Forest Marsh with Travellers on a Bank

Etching of a dense forest scene
Forest Marsh with Travellers on a Bank

Forest Marsh with Travellers on a Bank (1640s-1650s), also known as The Travellers, is an etching by the Dutch Golden Age artist Jacob van Ruisdael. A few copies are known and are in the collections of the Metropolitan Museum of Art in New York, the Rijksprentenkabinet of the Rijksmuseum Amsterdam, and Museum Boymans-van Beuningen in Rotterdam.[1]

The cumulus clouds in the late states of the etching have been added later and are not by Ruisdael himself.[2]

Etching expert Georges Duplessis singled out The Travellers and The Cornfield as unrivalled illustrations of Ruisdael's genius.[3] Ruisdael's pupil Meindert Hobbema painted two copies of this etching.
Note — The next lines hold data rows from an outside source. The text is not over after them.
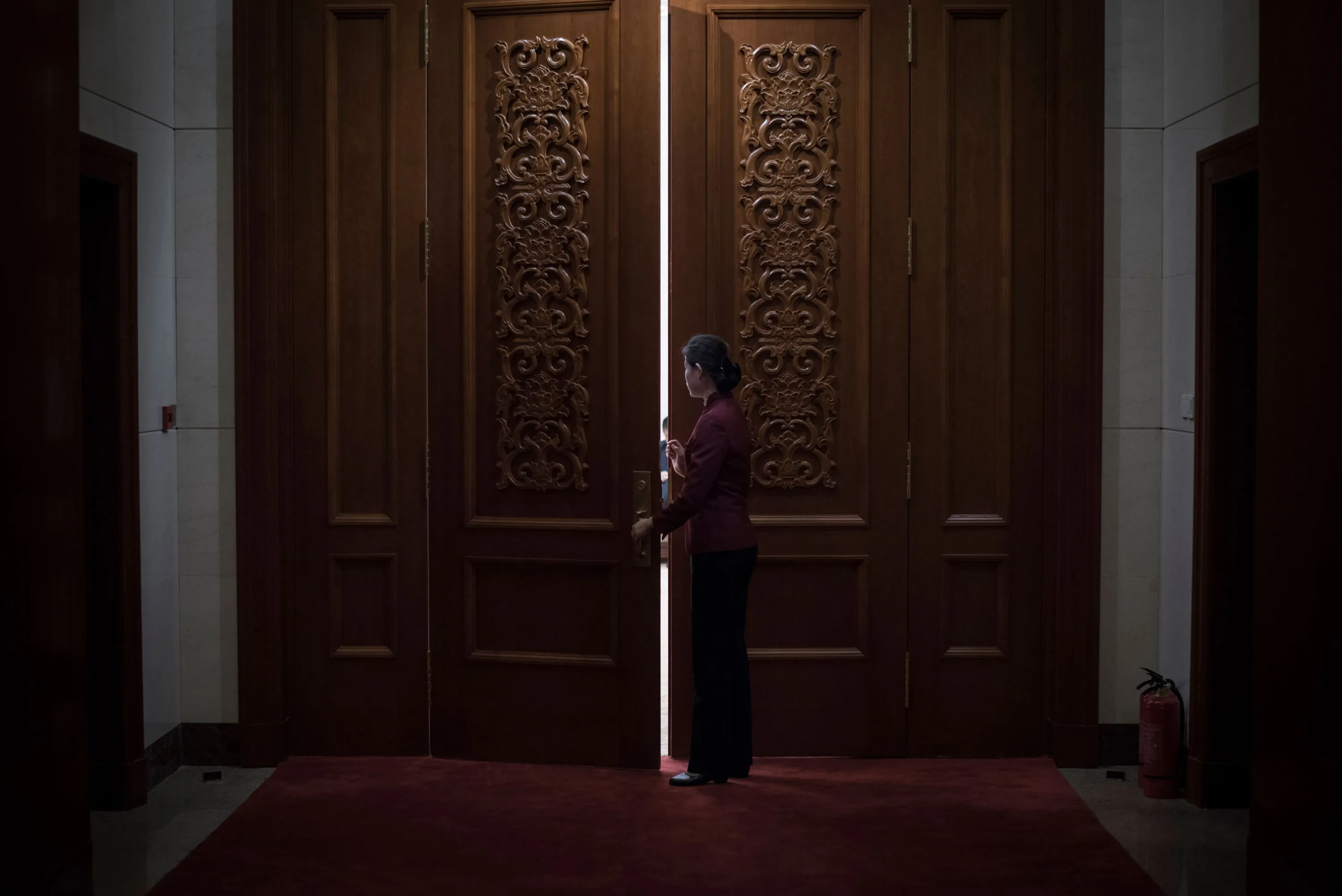 A hostess closes the door of a meeting room at the Great Hall of the People during the Communist Party's 19th Congress in Beijing on October 19, 2017. The Chinese Communist Party opens its week-long, twice-a-decade congress on October 18 at the Great Hall of the People. (Photo by Fred Dufour/AFP Photo)
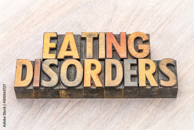 eating disorders word abstract in wood type
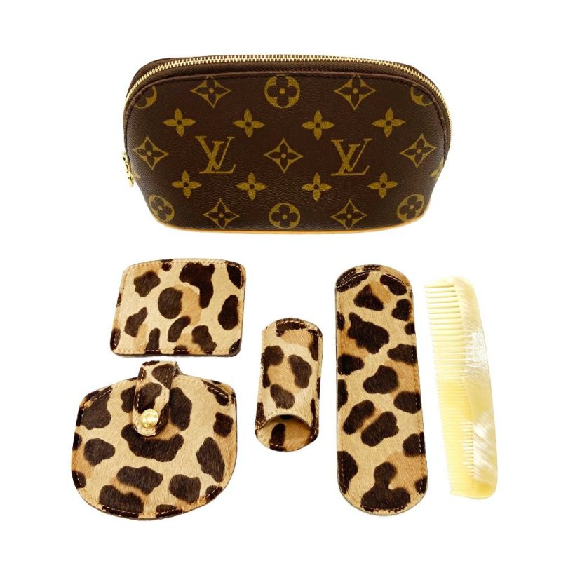 5. ルイヴィトン LOUIS VUITTON アズディンアライア アルマ ハンドバッグ モノグラム キャンバス ハラコ M99032 ブラウン BA1925 レオパード 小物セット 限定 レディース【中古】

One, dated 1662, is in the National Gallery of Victoria in Melbourne.[1] A young John Constable said in 1797 that he wanted to copy the work; if he did, none of his copies have survived.[4] When Constable died he owned four Ruisdael etchings, one of which was The Travellers.[5]

The etching is catalogue number E13 in Slive's 2001 catalogue raisonné of Ruisdael.[6]